TASK: When you reach the line below that has "For recruitment to", start returning lines exactly, and stop after the line that has "Nit de Rock"; skip the pictures.

RECORDS FOR THIS TASK:
'''
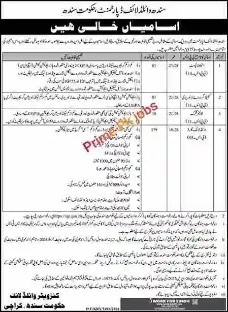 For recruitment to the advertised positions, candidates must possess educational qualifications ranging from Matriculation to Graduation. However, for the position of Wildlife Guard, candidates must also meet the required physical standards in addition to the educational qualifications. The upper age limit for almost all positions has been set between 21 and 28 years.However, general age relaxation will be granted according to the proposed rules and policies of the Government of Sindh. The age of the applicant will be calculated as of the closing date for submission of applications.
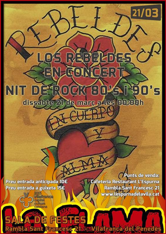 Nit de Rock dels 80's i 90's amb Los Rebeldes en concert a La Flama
'''
'''
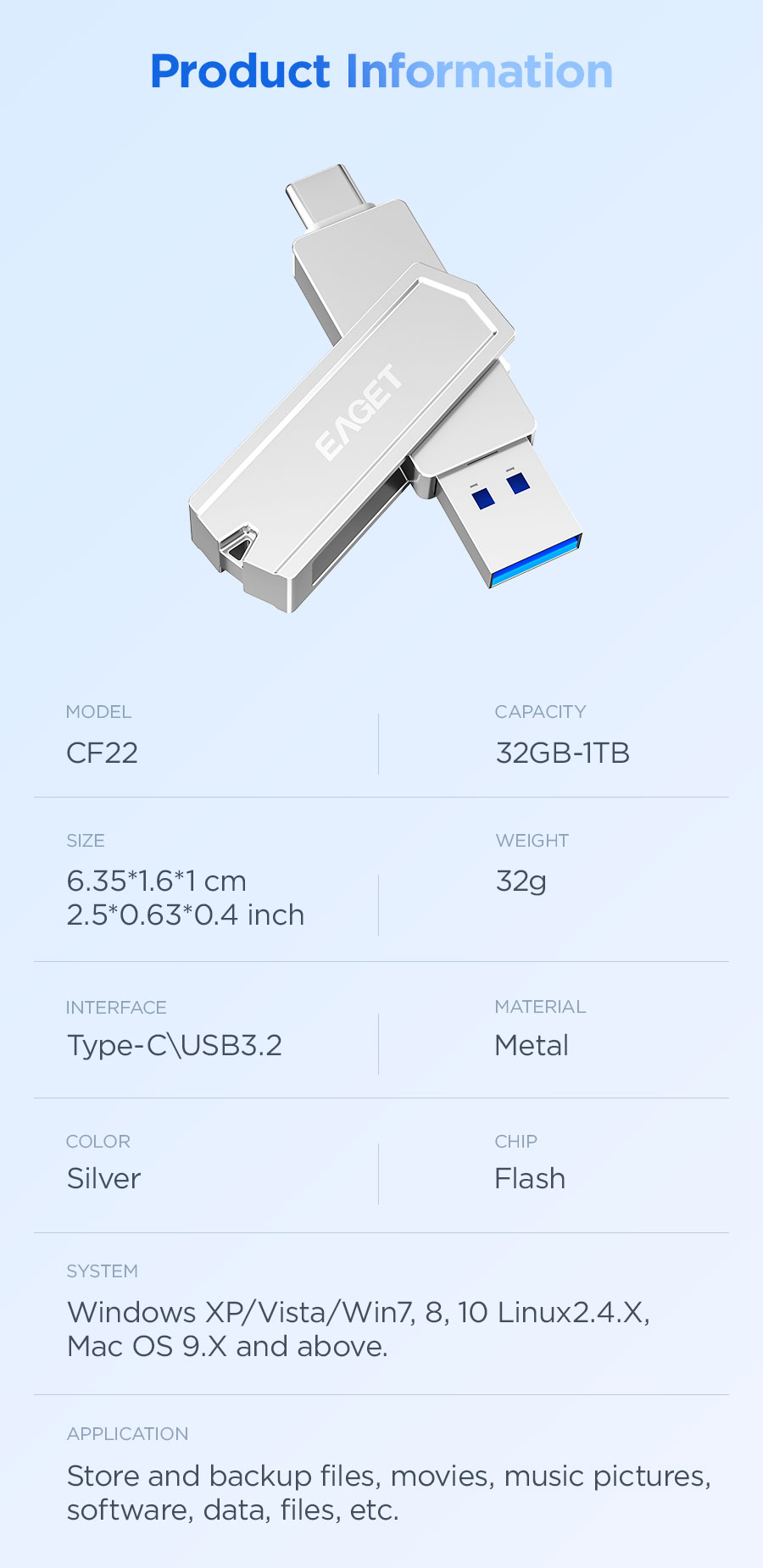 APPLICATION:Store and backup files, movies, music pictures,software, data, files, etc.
'''
'''
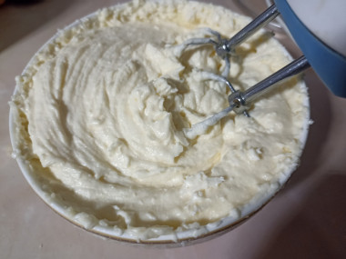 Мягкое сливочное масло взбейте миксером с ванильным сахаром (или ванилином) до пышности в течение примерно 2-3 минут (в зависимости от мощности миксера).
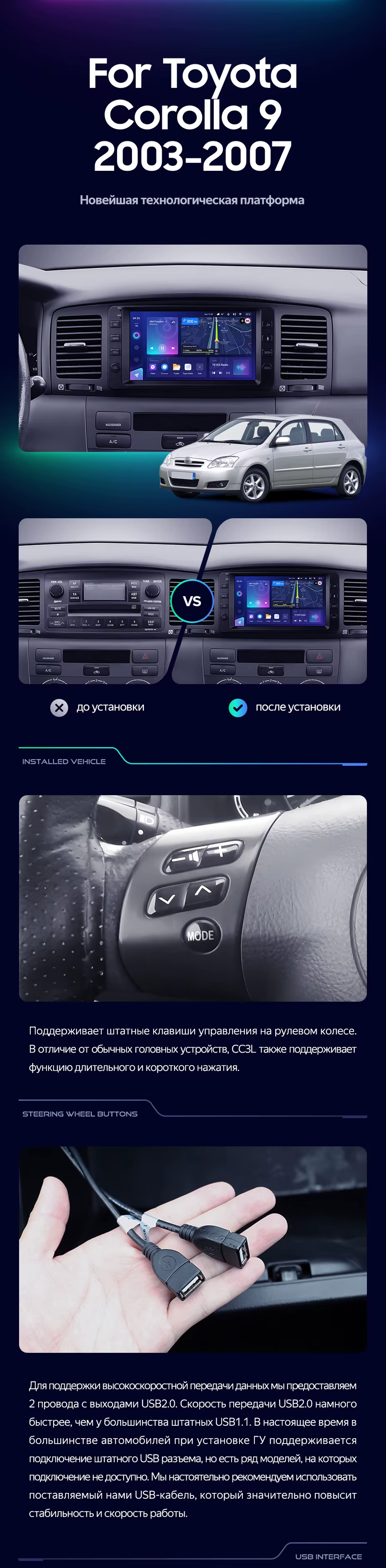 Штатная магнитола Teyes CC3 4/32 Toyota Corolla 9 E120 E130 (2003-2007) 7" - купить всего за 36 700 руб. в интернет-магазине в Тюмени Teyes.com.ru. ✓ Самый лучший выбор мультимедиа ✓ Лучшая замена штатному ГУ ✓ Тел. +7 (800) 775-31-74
'''
SOLUTION FOR THIS PROBLEM:
 For recruitment to the advertised positions, candidates must possess educational qualifications ranging from Matriculation to Graduation. However, for the position of Wildlife Guard, candidates must also meet the required physical standards in addition to the educational qualifications. The upper age limit for almost all positions has been set between 21 and 28 years.However, general age relaxation will be granted according to the proposed rules and policies of the Government of Sindh. The age of the applicant will be calculated as of the closing date for submission of applications.
 Nit de Rock dels 80's i 90's amb Los Rebeldes en concert a La Flama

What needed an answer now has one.